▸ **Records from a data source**
▬▬▬▬▬▬▬▬▬▬
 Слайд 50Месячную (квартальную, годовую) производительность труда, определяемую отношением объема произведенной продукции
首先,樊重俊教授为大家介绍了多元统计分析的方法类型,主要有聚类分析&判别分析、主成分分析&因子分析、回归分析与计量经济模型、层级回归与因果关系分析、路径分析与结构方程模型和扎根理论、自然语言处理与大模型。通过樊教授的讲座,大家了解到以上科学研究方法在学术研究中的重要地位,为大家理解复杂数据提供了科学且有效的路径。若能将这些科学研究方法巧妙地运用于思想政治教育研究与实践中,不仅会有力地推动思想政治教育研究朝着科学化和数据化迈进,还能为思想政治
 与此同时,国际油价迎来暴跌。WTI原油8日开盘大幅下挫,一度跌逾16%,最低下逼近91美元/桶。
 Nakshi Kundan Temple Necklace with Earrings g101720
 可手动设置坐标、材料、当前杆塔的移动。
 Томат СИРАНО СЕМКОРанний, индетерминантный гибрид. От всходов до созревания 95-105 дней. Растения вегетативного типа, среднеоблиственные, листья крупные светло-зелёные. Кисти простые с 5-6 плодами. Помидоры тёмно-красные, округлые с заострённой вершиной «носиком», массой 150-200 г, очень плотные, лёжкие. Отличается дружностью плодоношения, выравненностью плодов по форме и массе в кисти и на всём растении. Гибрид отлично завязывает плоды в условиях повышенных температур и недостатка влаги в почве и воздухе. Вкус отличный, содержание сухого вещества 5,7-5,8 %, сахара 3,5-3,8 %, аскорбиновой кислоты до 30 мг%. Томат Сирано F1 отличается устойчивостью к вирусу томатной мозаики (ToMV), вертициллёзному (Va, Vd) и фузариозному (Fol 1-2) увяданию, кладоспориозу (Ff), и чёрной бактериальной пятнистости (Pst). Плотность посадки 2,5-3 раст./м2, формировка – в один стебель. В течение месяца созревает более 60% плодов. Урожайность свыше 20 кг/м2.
▬▬▬▬▬▬▬▬▬▬
▸ **YOUR INSTRUCTIONS**
Out of the entries above, write out only the lines between the line holding "与此同时,国际油价迎来暴跌。" and the line holding "可手动设置坐标、材料、当前杆塔的移动。", inclusive, each exactly as given.

▸ **RESULT OF THIS TASK**
 与此同时,国际油价迎来暴跌。WTI原油8日开盘大幅下挫,一度跌逾16%,最低下逼近91美元/桶。
 Nakshi Kundan Temple Necklace with Earrings g101720
 可手动设置坐标、材料、当前杆塔的移动。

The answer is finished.